Aim of the exercise:
Set down all of the data exactly. Pictures stay out of the copy.
### Given information ###
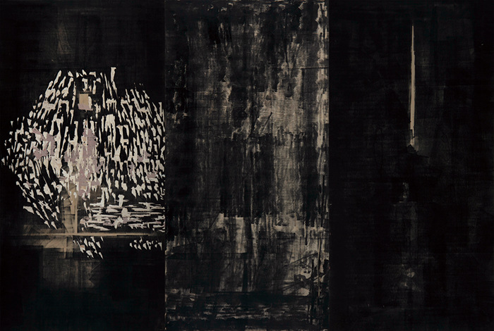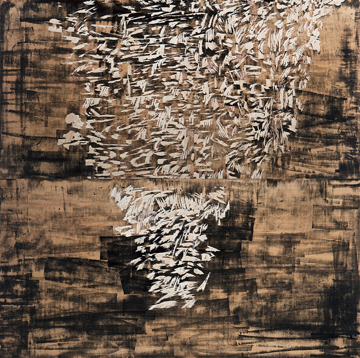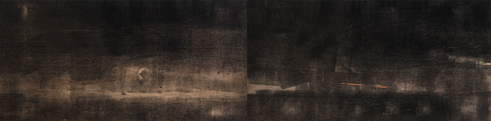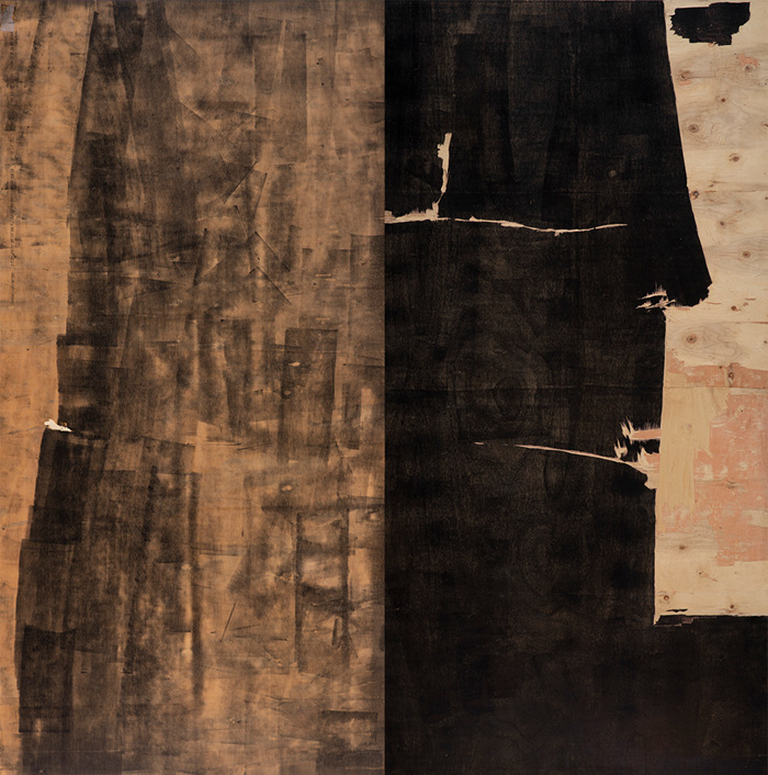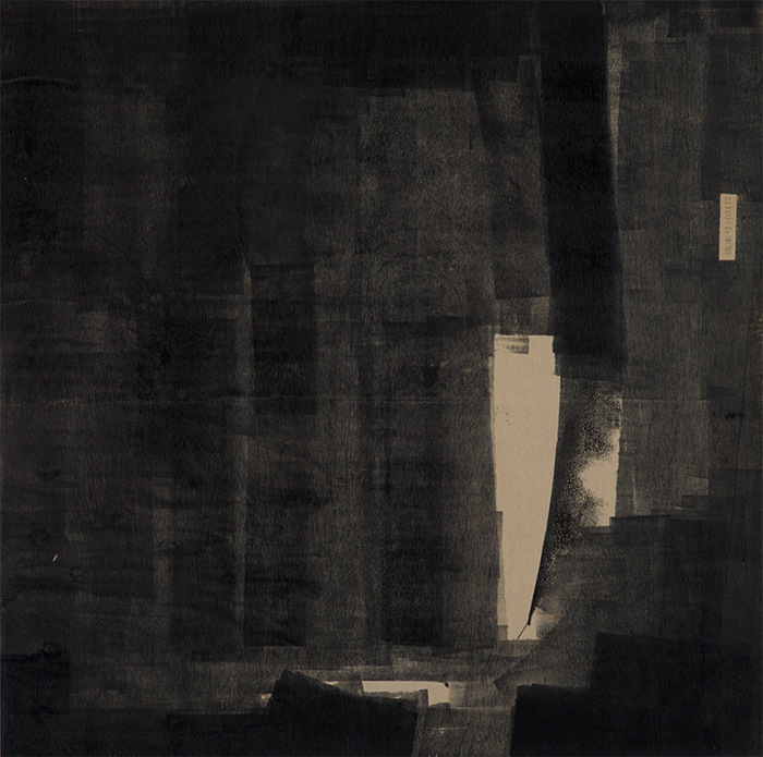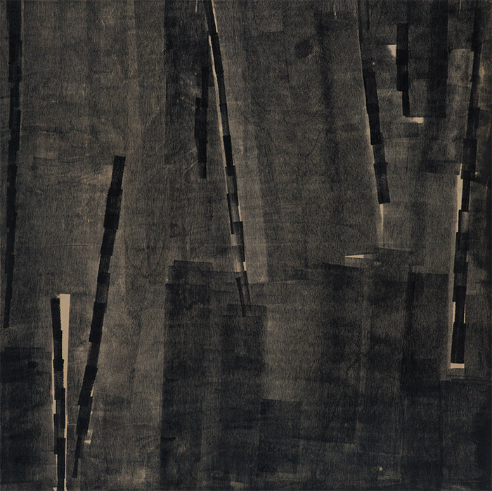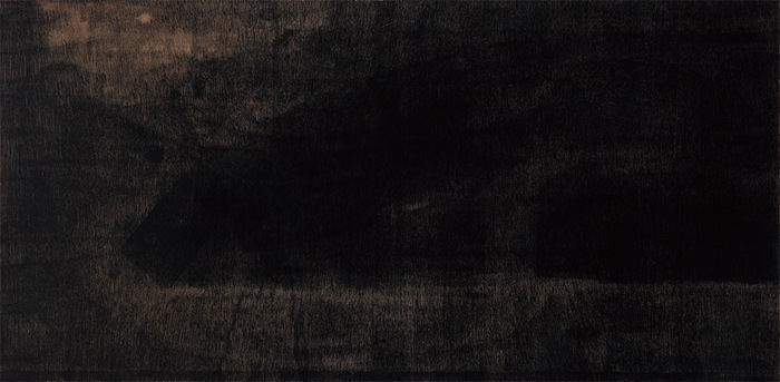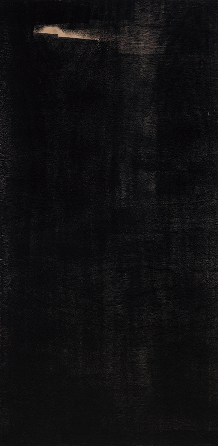 王綺彪改變了油墨和木板的傳統(tǒng)功能,在他這里,油墨成了他的“板象藝術”唯一使用的“色彩”,他將沾滿油墨的滾軸變成沾滿“色彩”的“畫筆”,在木質板材表面滾動。一方面,手臂不同的壓力和滾軸的快慢形成了墨色隨機的深淺濃淡變化,使油墨在板材上呈現(xiàn)出水墨大寫意神韻,卻又極富油畫般的厚重感和塑造性;另一方面,他通過油墨滲向木紋肌理產生的板材纖維筋絡的僨張,以及板材自身豐富錯落的天然木色,共同形成酷似中國古代帛畫的面貌,產生深沉感和神秘性,距離感和深邃性,營造出一種陌生又熟悉的奇異空間。這個奇異空間里,王綺彪一刀未動,傳統(tǒng)木刻版畫的命脈:刀法,在此消失殆盡,繼之而來的,是王綺彪的“墨·板”世界的誕生。
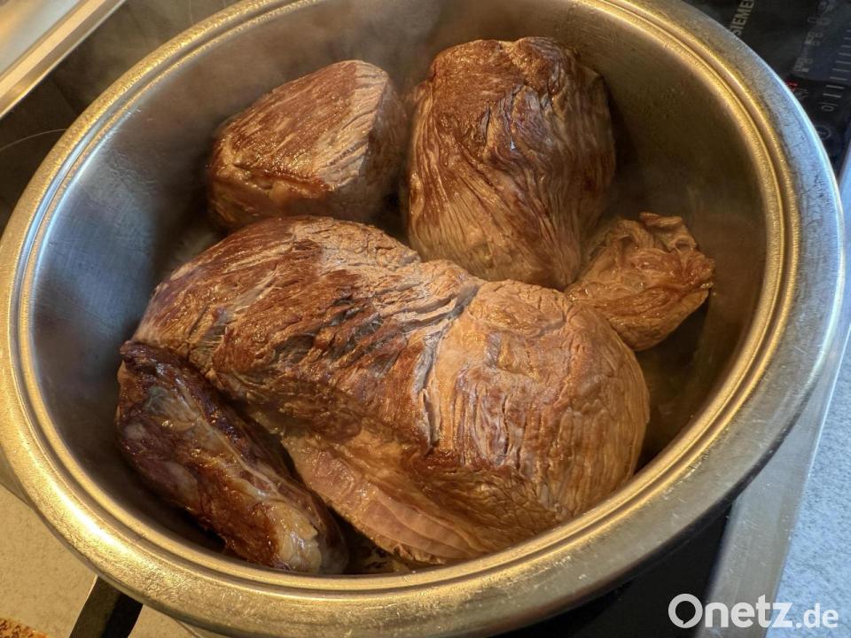 Für die sieben Portionen Ochsenrahmbraten hat Ilse Hauer mehrere Stücke Braten aufgetaut und ohne Fett von allen Seiten angebräunt. So verschließen sich die Poren und der Saft bleibt im Fleisch.
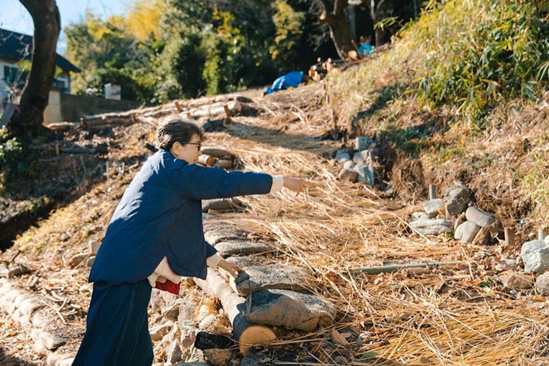 Sakaue also describes Jike as a place where the idea of circulation becomes tangible. With guidance from Hiroomi Takada, an environmental civil engineering expert who draws on traditional knowledge to improve conditions from the soil up, she began restoring the hillside behind JIKE STUDIO. The area had lost its ability to hold water after extensive logging.
###
Written answer:
 王綺彪改變了油墨和木板的傳統(tǒng)功能,在他這里,油墨成了他的“板象藝術”唯一使用的“色彩”,他將沾滿油墨的滾軸變成沾滿“色彩”的“畫筆”,在木質板材表面滾動。一方面,手臂不同的壓力和滾軸的快慢形成了墨色隨機的深淺濃淡變化,使油墨在板材上呈現(xiàn)出水墨大寫意神韻,卻又極富油畫般的厚重感和塑造性;另一方面,他通過油墨滲向木紋肌理產生的板材纖維筋絡的僨張,以及板材自身豐富錯落的天然木色,共同形成酷似中國古代帛畫的面貌,產生深沉感和神秘性,距離感和深邃性,營造出一種陌生又熟悉的奇異空間。這個奇異空間里,王綺彪一刀未動,傳統(tǒng)木刻版畫的命脈:刀法,在此消失殆盡,繼之而來的,是王綺彪的“墨·板”世界的誕生。
 Für die sieben Portionen Ochsenrahmbraten hat Ilse Hauer mehrere Stücke Braten aufgetaut und ohne Fett von allen Seiten angebräunt. So verschließen sich die Poren und der Saft bleibt im Fleisch.
 Sakaue also describes Jike as a place where the idea of circulation becomes tangible. With guidance from Hiroomi Takada, an environmental civil engineering expert who draws on traditional knowledge to improve conditions from the soil up, she began restoring the hillside behind JIKE STUDIO. The area had lost its ability to hold water after extensive logging.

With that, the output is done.